Sitepoint Members,
How Do You Specify a Canonical Link in Your HTTP Header? The only headers I know how to set are in the htaccess file and they apply to all pages. Does it mean place a link tag in the head of each page?
Google uses this as an example
Link: <http://www.example.com/downloads/white-paper.pdf>; rel=“canonical”
(https://support.google.com/webmasters/answer/139066?hl=en#2)
but doesn’t say where it should be placed. Also is that the format? Isn’t it supposed to closed in some way?
Thanks,
Chris77
Try this:
<!DOCTYPE html PUBLIC "-//W3C//DTD XHTML 1.0 Strict//EN"

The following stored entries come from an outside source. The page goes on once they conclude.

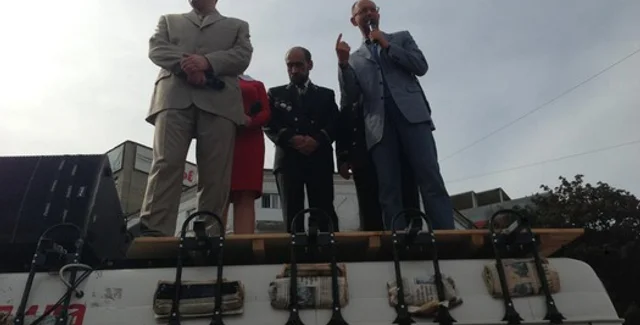 Около 16.40 секретарь Донецкого городского совета, член Партии регионов Сергей Богачев пытался пройти к сцене митинга, чтобы выступить перед собравшимися, однако, активисты оппозиционных партий не пропустили его и вступили с ним в словесную перепалку.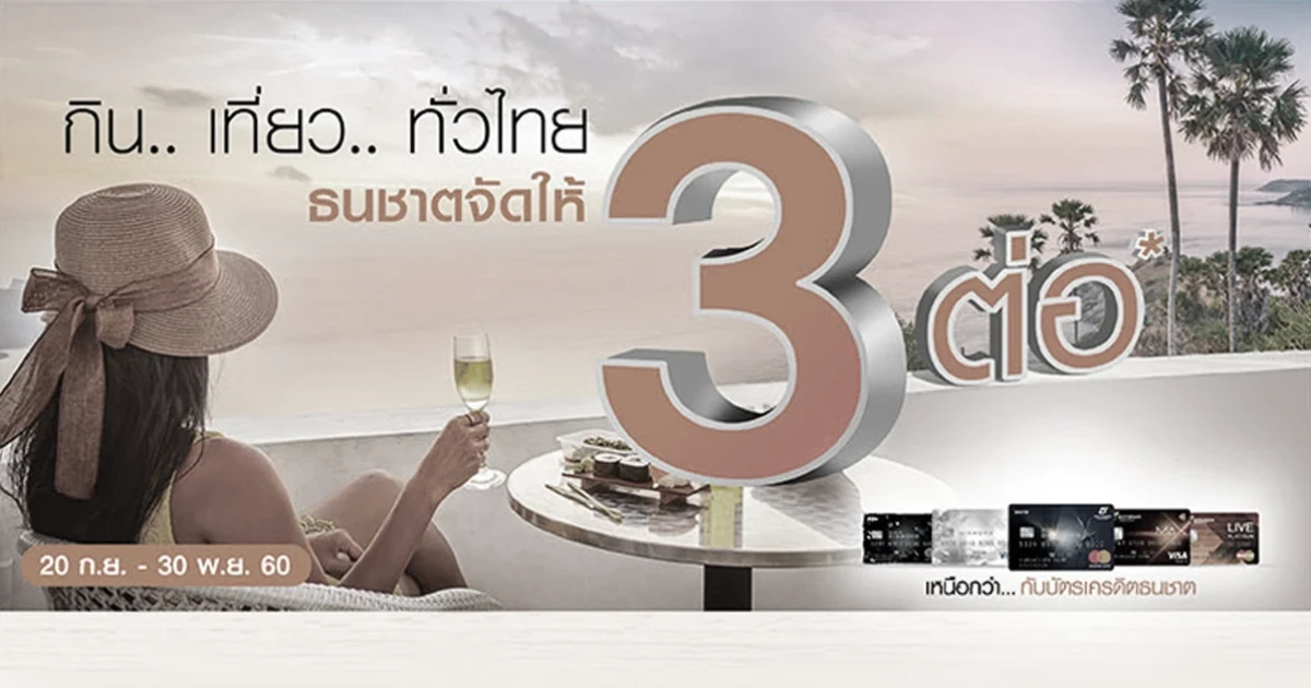 กิน เที่ยว ทั่วไทย.. กับบัตรเครดิตธนชาต จัดให้ 3 ต่อ ทั้งส่วนลด เงินคืนสุดคุ้ม พร้อมคะแนนสะสมสูงสุด 11 เท่า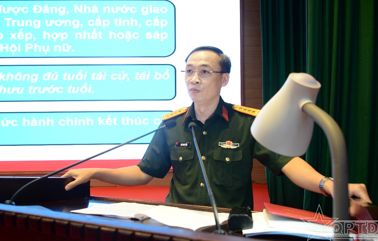 Tại hội nghị, các đại biểu đã được quán triệt, triển khai những nội dung cơ bản trong Thông tư số 19 của Bộ Quốc phòng về hướng dẫn thực hiện chính sách, chế độ đối với các đối tượng thuộc phạm vi quản lý của Bộ Quốc phòng trong thực hiện sắp xếp tổ chức bộ máy, tinh giản biên chế, cơ cấu lại, nâng cao chất lượng đội ngũ cán bộ không đủ tuổi tái cử, tái bổ nhiệm hoặc đủ điều kiện về tuổi tái cử, tái bổ nhiệm; cán bộ đang tham gia cấp ủy ở các đảng bộ phải kết thúc hoạt động.

"http://www.w3.org/TR/xhtml1/DTD/xhtml1-strict.dtd">
<html xmlns="http://www.w3.org/1999/xhtml" xml:lang="en" >
<head>
<title>Testing</title>
<link rel="canonical" href="http://blog.example.com/dresses/green-dresses-are-awesome" />
</head>
<body>
<h1>Title</h1>
</body>
</html>
The URL requires changing to your site.
Yes a canonical link is required on the page where there are two pages with similar content such as the following:
“http://blog.example.com/dresses/green-dresses-are-awesome”
“http://blog.example.com/dresses/red-dresses-are-awesome”
“http://blog.example.com/dresses/blue-dresses-are-awesome”
because the pages will most likely have identical except for the colours. Pick any colour then have each page with the chosen colour to prevent duplicate titles, content and data.
Upload to your site then use Google Webmasters Tools to check to ensure it is OK.
So there are headers, as in expires headers, and lines of code within the <head> are also called headers?
I think expire header will overide the htaccess header. Maybe anything in between the head is called headers.
Any other knowledgeable members like to help?